I request that you remit payment of $[amount] within 15 calendar days of the
date of this letter. If I do not receive payment by [specific date], I intend
to file a formal complaint with the [State Labor Board/US Department of Labor
Wage and Hour Division] and pursue all available legal remedies.
Sincerely,
[Your Name]
[Your Phone Number]
[Your Email]
SENDING INSTRUCTIONS:
- Send via certified mail, return receipt requested. This proves they received it.
- Also send via email if you have a manager's email. Screenshot the sent email.
- Keep a copy of everything.
- Set a calendar reminder for the 15-day deadline.
Agent action: Guide user through the appropriate complaint filing based on their jurisdiction.
If the demand letter doesn't work (or you want to skip straight to enforcement), file with the government. It's free, you don't need a lawyer, and retaliation for filing is illegal.

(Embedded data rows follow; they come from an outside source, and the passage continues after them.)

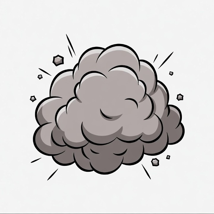 A cartoon-style explosion cloud is depicted in gray tones with thick black outlines. Bright stars and radiating lines emphasize the burst effect. It is isolated on a white background.
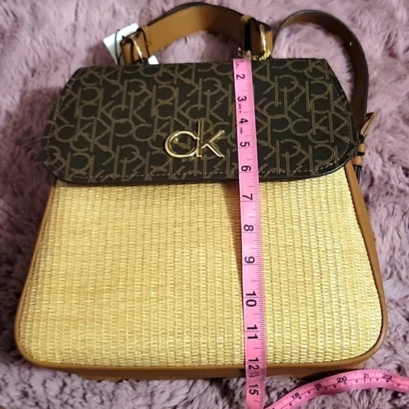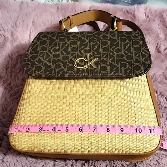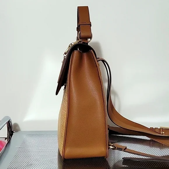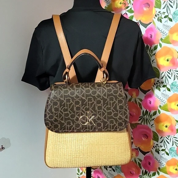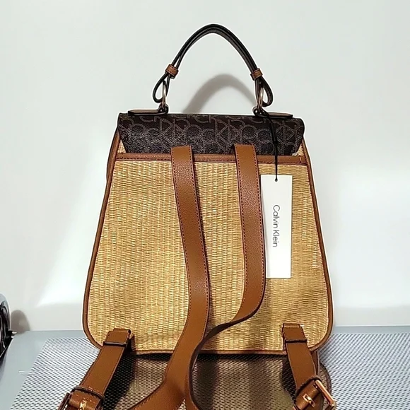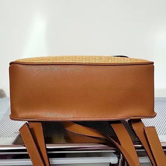 Straw Monogram Backpack. Beige/Brown/Black. Medium
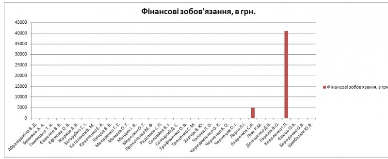 В разделе «Финансовые обязательства» только двое депутатов Лисичанского городского совета задекларировали 41 тысячу и 5 тысяч гривен финансовых обязательств - Коваленко и Лавренюк соответственно. Остальные 33 депутата задекларировали в этом разделе сумму «ноль гривен».
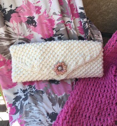 This cute 14" clutch is loom knit on a CinDWood 1/2" gauge loom using a bulky yarn.
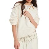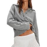 Women Cropped Polo Sweater Long Sleeve Oversized Collared Pullover Casual Lapel V Neck Knitted Jumper Tops
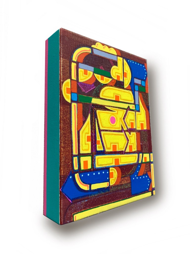 “God Jobs”, 2023, oil and acrylic on canvas stretched over panel, 12 in. x 9 in.
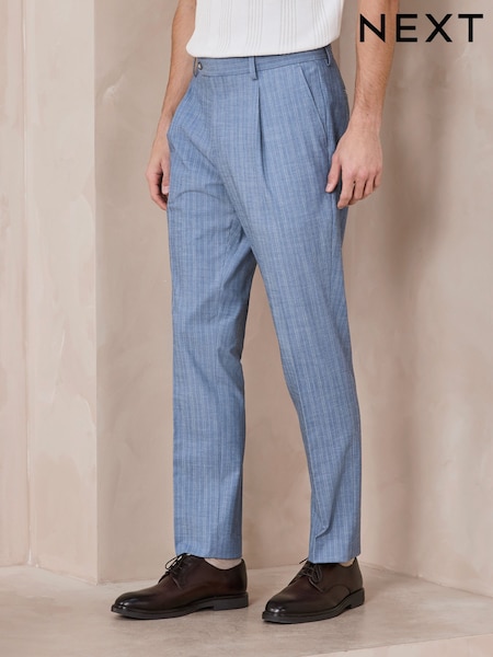Синий шамбре - Брюки зауженного кроя в полоску
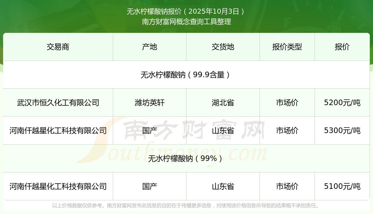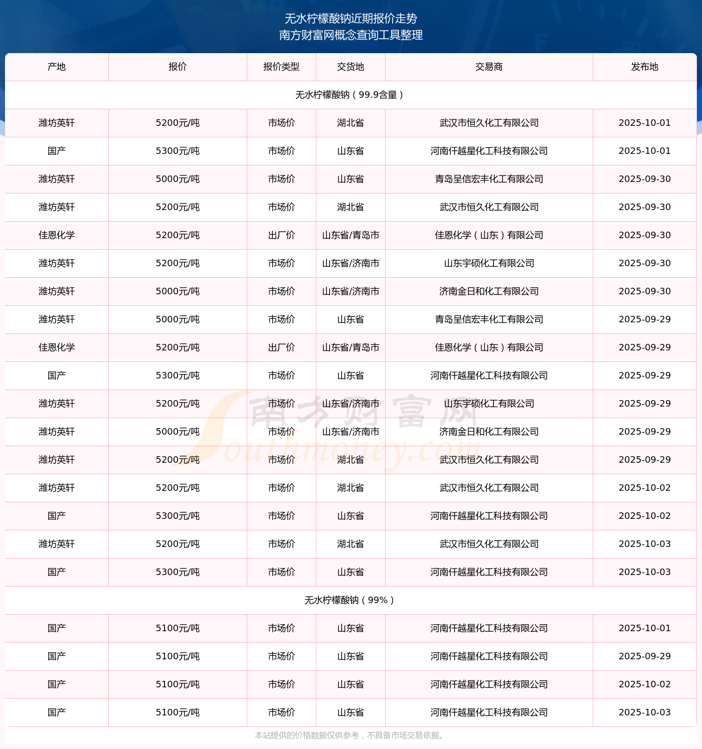 無(wú)水檸檬酸鈉報(bào)價(jià)查詢(2025年10月3日)

FEDERAL (DOL): File at dol.gov/agencies/whd/contact/complaints or call
1-866-487-9243. Provide your info, employer info, dates, pay rate, hours,
violation type. Investigation takes weeks to months. DOL can order back pay
AND penalties. Immigration status is irrelevant to wage claims.
STATE (often faster, broader protections): Search "[your state] labor
commissioner wage claim." Many have online filing. State claims can cover
violations beyond FLSA. You can file state AND federal simultaneously.
SMALL CLAIMS (for smaller amounts): Threshold $5,000-$25,000 by state. Filing
fee $30-75. No lawyer needed. Bring your time log, pay stubs, demand letter
with mailing proof, and all communications.
Agent action: If the wage theft is systemic, guide user toward collective action.
IF IT'S HAPPENING TO YOU, IT'S HAPPENING TO YOUR COWORKERS
Collective action is more powerful than individual claims:
- Harder for the employer to retaliate against a group.
- The DOL takes multi-worker complaints more seriously.
- Potential for class action or collective action lawsuits.
HOW TO ORGANIZE:
1. Talk to coworkers privately. Off-site, off-clock. Ask: "Are you getting paid
for [the time you spend doing X]?"
2. If others are affected, document together. Each person keeps their own time log.
3. File complaints as a group — reference each other's complaints by name.
4. Contact a workers' rights organization:
- National Employment Law Project: nelp.org
- Your state's legal aid society
- Worker centers (often focused on immigrant worker communities)
- Your union, if you have one.
RETALIATION PROTECTION:
Under federal law (FLSA Section 15(a)(3)) and most state laws, your employer
CANNOT fire, demote, cut hours, change your schedule, or otherwise retaliate
against you for filing a wage claim or talking to coworkers about pay.
If they do: That's a SEPARATE violation with its own penalties. Document the
retaliation (date, what happened, witnesses) and report it in your complaint.
Agent action: Connect user with free or low-cost legal resources for wage theft cases.
FREE AND LOW-COST LEGAL HELP
- Legal Services Corporation (lsc.gov): Free representation for low-income workers.
- State bar lawyer referral service: Low-cost initial consultation.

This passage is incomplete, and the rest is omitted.